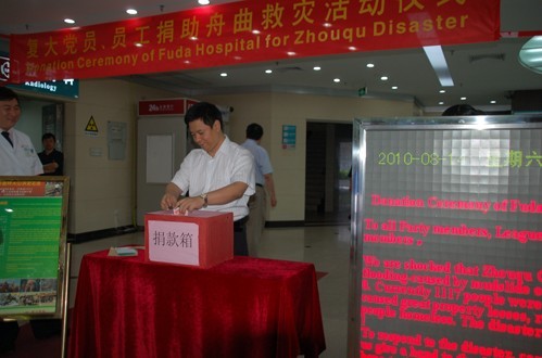 灾捐款现场,徐克成总院长和左建生总经理做了动员讲话,徐院长提到:每次灾难是对国家的考验,同时也在考验着每个中国人,我们医院提倡厚德行医,济世关爱。目前陕西舟曲人民正遭受重大泥石流灾害,我们要有爱心,积极捐款,为缓解灾区人民的疾苦做出自己的贡献。
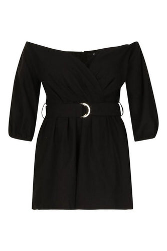 Plus Linen Mix Bardot Belted Playsuit
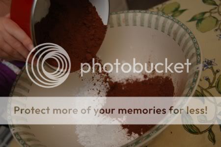 Next, to the powdered sugar, add the (unsweetened) cocoa powder, then the crushed (pulverized..??) candy canes.
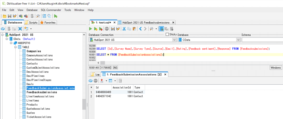 CData HubSpot Driver では新しく「Feedbacksubmissions」「FeedbackSubmissionAssociations」という2種類のテーブルをサポートしました。
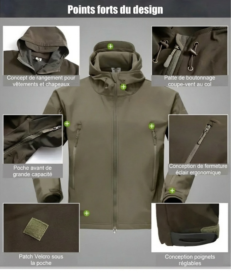 Ensemble veste et pantalon tactiques softshell pour homme

TRY IT
Your copy of the listing should match it exactly, apart from the pictures, which are left out.

RESULT
 灾捐款现场,徐克成总院长和左建生总经理做了动员讲话,徐院长提到:每次灾难是对国家的考验,同时也在考验着每个中国人,我们医院提倡厚德行医,济世关爱。目前陕西舟曲人民正遭受重大泥石流灾害,我们要有爱心,积极捐款,为缓解灾区人民的疾苦做出自己的贡献。
 Plus Linen Mix Bardot Belted Playsuit
 Next, to the powdered sugar, add the (unsweetened) cocoa powder, then the crushed (pulverized..??) candy canes.
 CData HubSpot Driver では新しく「Feedbacksubmissions」「FeedbackSubmissionAssociations」という2種類のテーブルをサポートしました。
 Ensemble veste et pantalon tactiques softshell pour homme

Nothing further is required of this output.